INFORMATION SHOWN Block Start
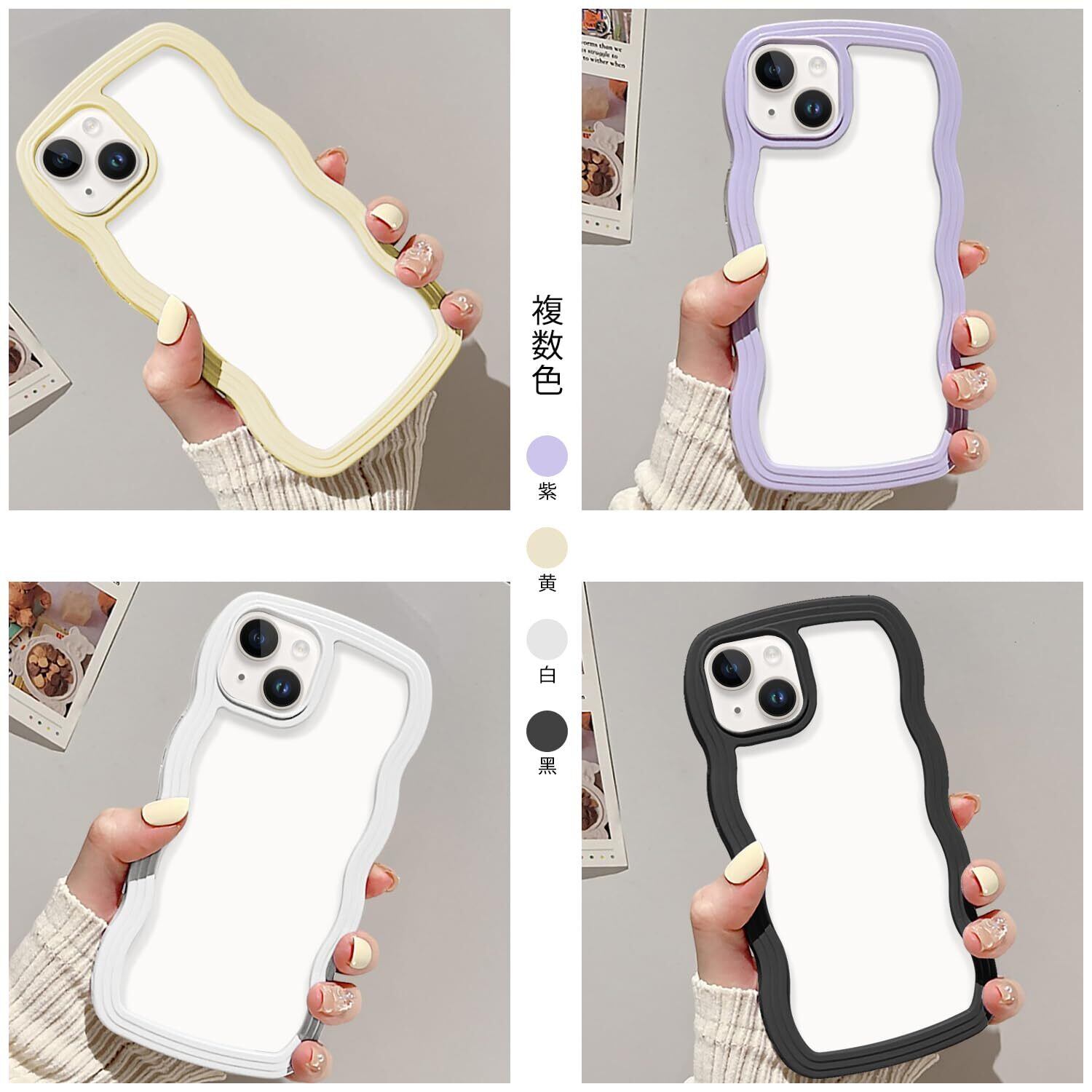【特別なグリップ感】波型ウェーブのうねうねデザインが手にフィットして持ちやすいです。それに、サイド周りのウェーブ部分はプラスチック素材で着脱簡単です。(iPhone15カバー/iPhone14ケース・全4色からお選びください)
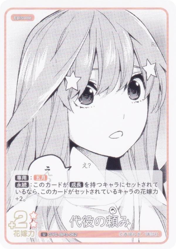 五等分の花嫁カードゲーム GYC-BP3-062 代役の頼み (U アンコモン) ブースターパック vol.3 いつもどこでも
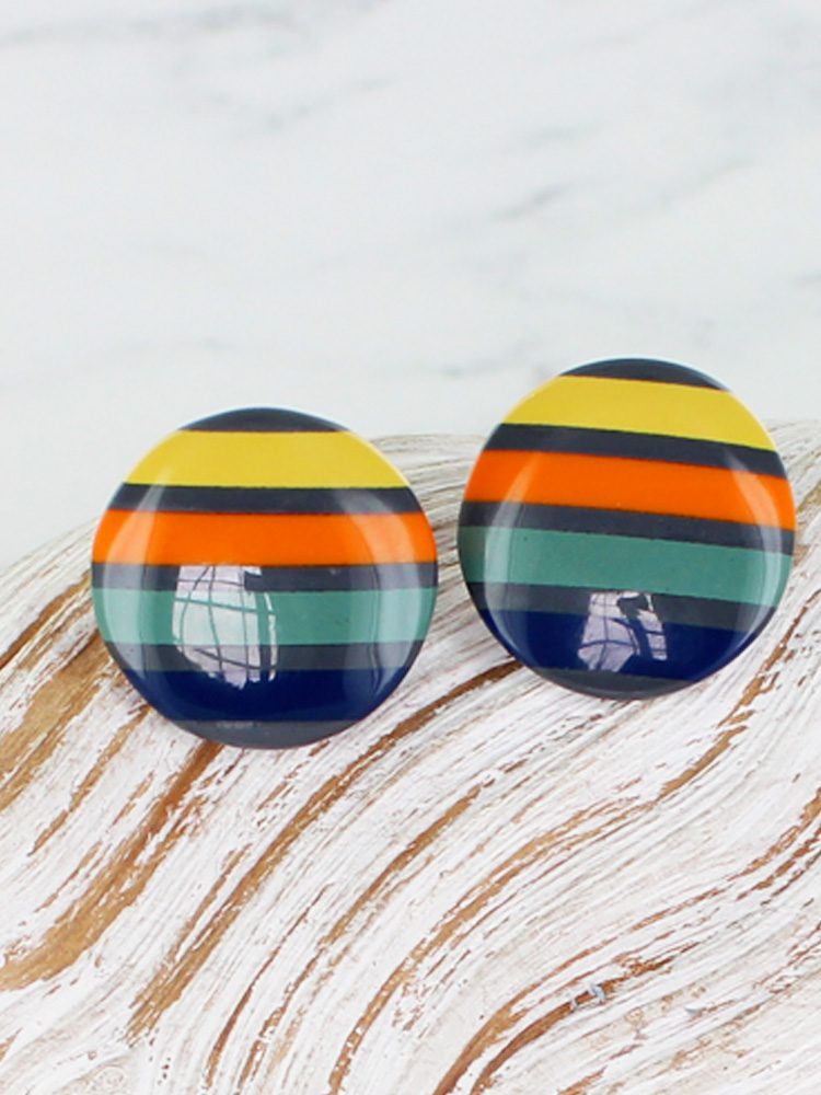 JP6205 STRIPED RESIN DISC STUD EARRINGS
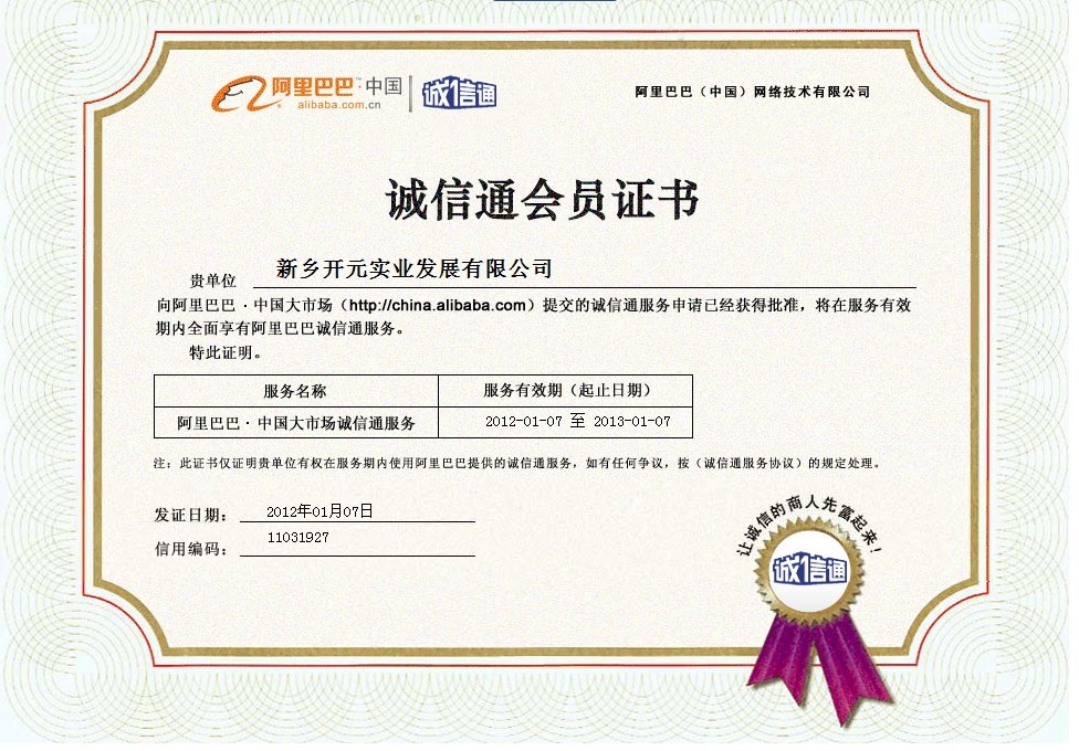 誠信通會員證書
INFORMATION SHOWN Block End
* YOUR TASK: All lines from the one containing "JP6205 STRIPED RESIN DISC STUD EARRINGS" to the last line of the data above, both included, should be printed exactly, and the pictures should not appear.

* OUTPUT OF THE EXERCISE:
 JP6205 STRIPED RESIN DISC STUD EARRINGS
 誠信通會員證書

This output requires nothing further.